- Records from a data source

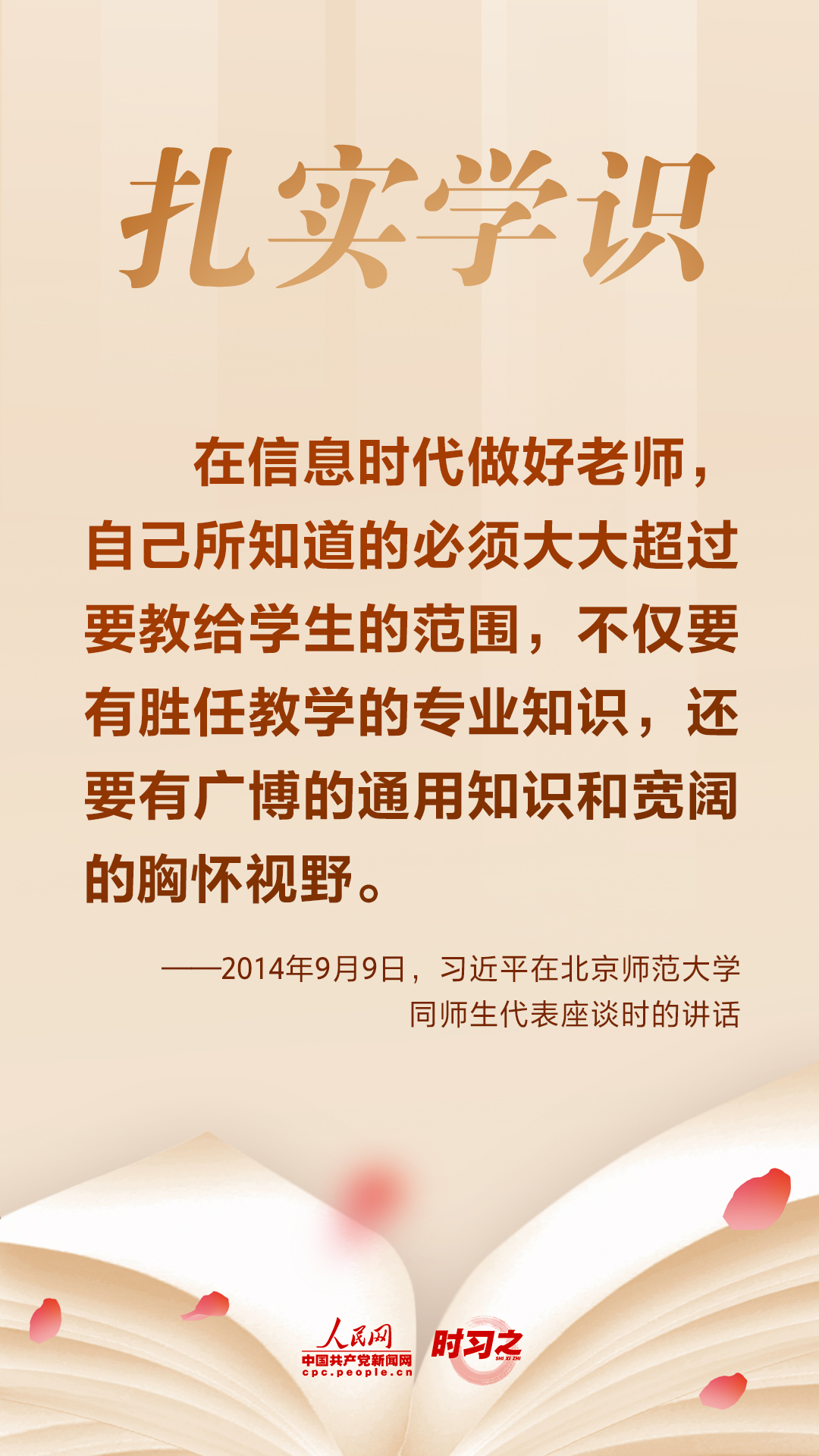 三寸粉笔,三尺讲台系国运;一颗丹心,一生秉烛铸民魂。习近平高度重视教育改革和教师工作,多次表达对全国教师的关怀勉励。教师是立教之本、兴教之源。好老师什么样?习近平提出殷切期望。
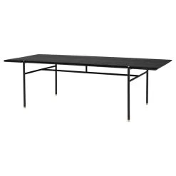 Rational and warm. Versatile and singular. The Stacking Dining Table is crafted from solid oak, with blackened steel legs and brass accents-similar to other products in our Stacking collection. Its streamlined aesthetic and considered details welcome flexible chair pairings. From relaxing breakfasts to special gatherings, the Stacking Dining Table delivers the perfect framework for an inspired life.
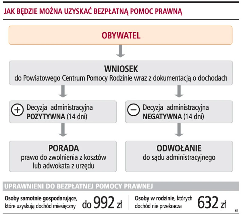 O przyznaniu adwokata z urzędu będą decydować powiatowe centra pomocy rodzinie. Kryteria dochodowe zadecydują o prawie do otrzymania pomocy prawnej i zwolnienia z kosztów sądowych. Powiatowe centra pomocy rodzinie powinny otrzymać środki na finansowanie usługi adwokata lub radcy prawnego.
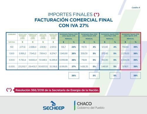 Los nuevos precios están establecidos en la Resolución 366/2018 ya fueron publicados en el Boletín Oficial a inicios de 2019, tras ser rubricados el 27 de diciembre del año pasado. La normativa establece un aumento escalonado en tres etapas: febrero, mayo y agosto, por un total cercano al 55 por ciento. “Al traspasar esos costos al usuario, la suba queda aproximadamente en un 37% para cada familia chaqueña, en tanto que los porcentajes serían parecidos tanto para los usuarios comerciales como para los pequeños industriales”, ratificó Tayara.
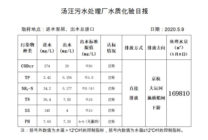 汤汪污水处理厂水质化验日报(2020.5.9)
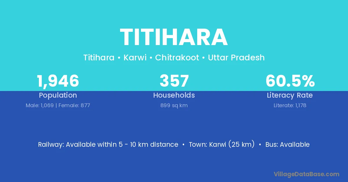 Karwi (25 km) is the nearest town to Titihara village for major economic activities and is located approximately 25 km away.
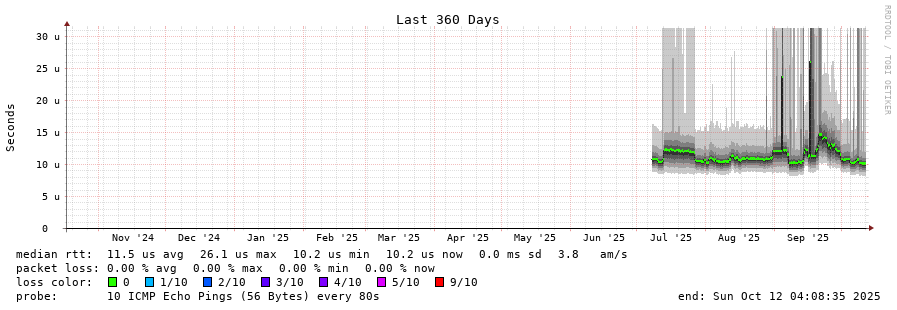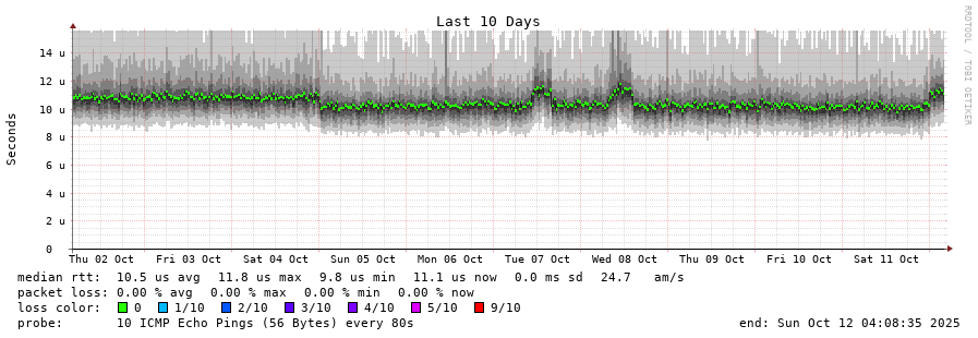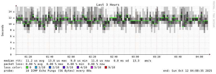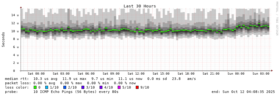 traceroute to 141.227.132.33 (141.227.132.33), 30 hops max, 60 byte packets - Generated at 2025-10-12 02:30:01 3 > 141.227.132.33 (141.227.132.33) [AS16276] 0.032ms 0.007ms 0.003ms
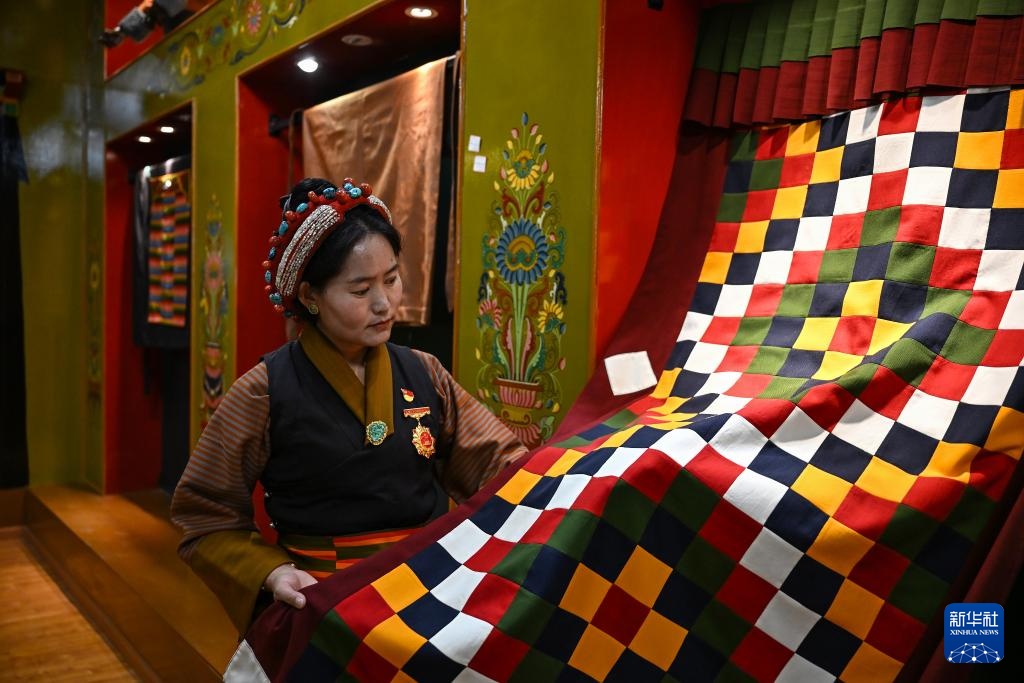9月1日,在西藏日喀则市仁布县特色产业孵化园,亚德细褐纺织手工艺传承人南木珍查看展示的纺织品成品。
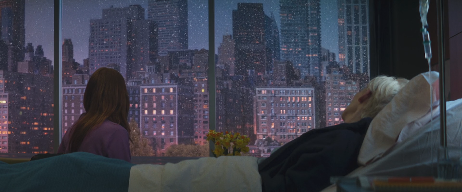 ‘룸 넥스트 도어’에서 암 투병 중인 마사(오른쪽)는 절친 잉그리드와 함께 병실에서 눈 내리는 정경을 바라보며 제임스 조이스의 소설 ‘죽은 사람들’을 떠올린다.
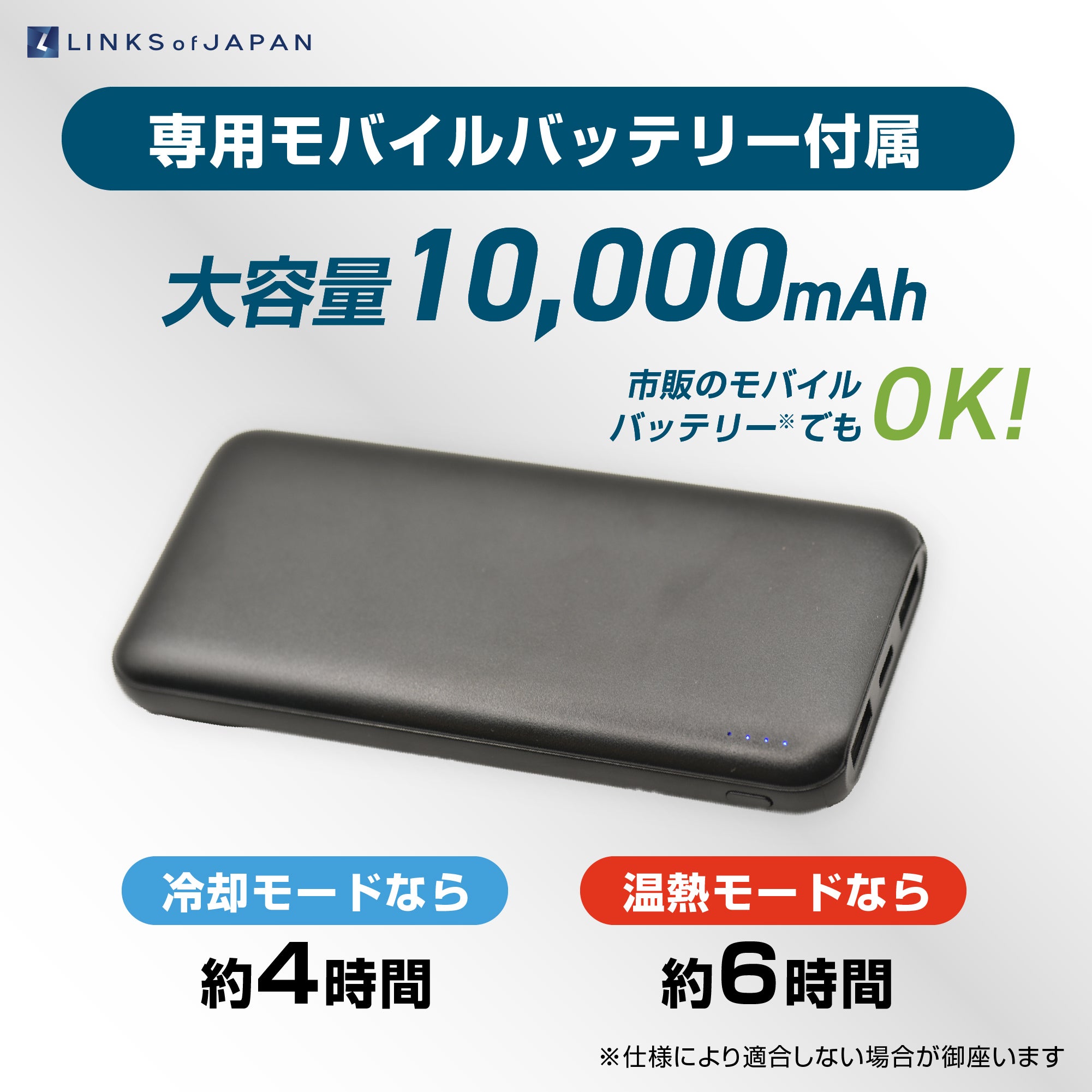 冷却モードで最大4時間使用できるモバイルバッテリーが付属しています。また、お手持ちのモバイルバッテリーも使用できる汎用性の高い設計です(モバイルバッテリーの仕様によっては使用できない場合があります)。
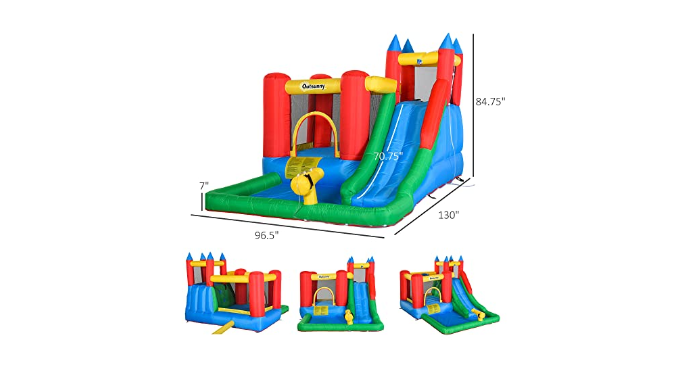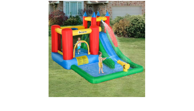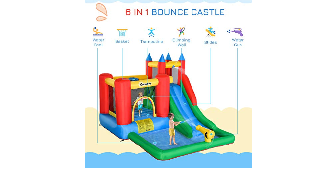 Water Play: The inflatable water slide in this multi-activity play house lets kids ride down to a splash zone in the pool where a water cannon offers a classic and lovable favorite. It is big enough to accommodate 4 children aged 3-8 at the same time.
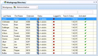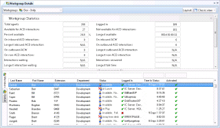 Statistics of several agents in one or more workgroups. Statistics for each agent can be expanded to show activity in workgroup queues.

- REQUIREMENT
From the opening line of the entries above to the line that holds "冷却モードで最大4時間使用で", inclusive, reproduce each line exactly and omit any picture.

- ANSWER AREA
 三寸粉笔,三尺讲台系国运;一颗丹心,一生秉烛铸民魂。习近平高度重视教育改革和教师工作,多次表达对全国教师的关怀勉励。教师是立教之本、兴教之源。好老师什么样?习近平提出殷切期望。
 Rational and warm. Versatile and singular. The Stacking Dining Table is crafted from solid oak, with blackened steel legs and brass accents-similar to other products in our Stacking collection. Its streamlined aesthetic and considered details welcome flexible chair pairings. From relaxing breakfasts to special gatherings, the Stacking Dining Table delivers the perfect framework for an inspired life.
 O przyznaniu adwokata z urzędu będą decydować powiatowe centra pomocy rodzinie. Kryteria dochodowe zadecydują o prawie do otrzymania pomocy prawnej i zwolnienia z kosztów sądowych. Powiatowe centra pomocy rodzinie powinny otrzymać środki na finansowanie usługi adwokata lub radcy prawnego.
 Los nuevos precios están establecidos en la Resolución 366/2018 ya fueron publicados en el Boletín Oficial a inicios de 2019, tras ser rubricados el 27 de diciembre del año pasado. La normativa establece un aumento escalonado en tres etapas: febrero, mayo y agosto, por un total cercano al 55 por ciento. “Al traspasar esos costos al usuario, la suba queda aproximadamente en un 37% para cada familia chaqueña, en tanto que los porcentajes serían parecidos tanto para los usuarios comerciales como para los pequeños industriales”, ratificó Tayara.
 汤汪污水处理厂水质化验日报(2020.5.9)
 Karwi (25 km) is the nearest town to Titihara village for major economic activities and is located approximately 25 km away.
 traceroute to 141.227.132.33 (141.227.132.33), 30 hops max, 60 byte packets - Generated at 2025-10-12 02:30:01 3 > 141.227.132.33 (141.227.132.33) [AS16276] 0.032ms 0.007ms 0.003ms
9月1日,在西藏日喀则市仁布县特色产业孵化园,亚德细褐纺织手工艺传承人南木珍查看展示的纺织品成品。
 ‘룸 넥스트 도어’에서 암 투병 중인 마사(오른쪽)는 절친 잉그리드와 함께 병실에서 눈 내리는 정경을 바라보며 제임스 조이스의 소설 ‘죽은 사람들’을 떠올린다.
 冷却モードで最大4時間使用できるモバイルバッテリーが付属しています。また、お手持ちのモバイルバッテリーも使用できる汎用性の高い設計です(モバイルバッテリーの仕様によっては使用できない場合があります)。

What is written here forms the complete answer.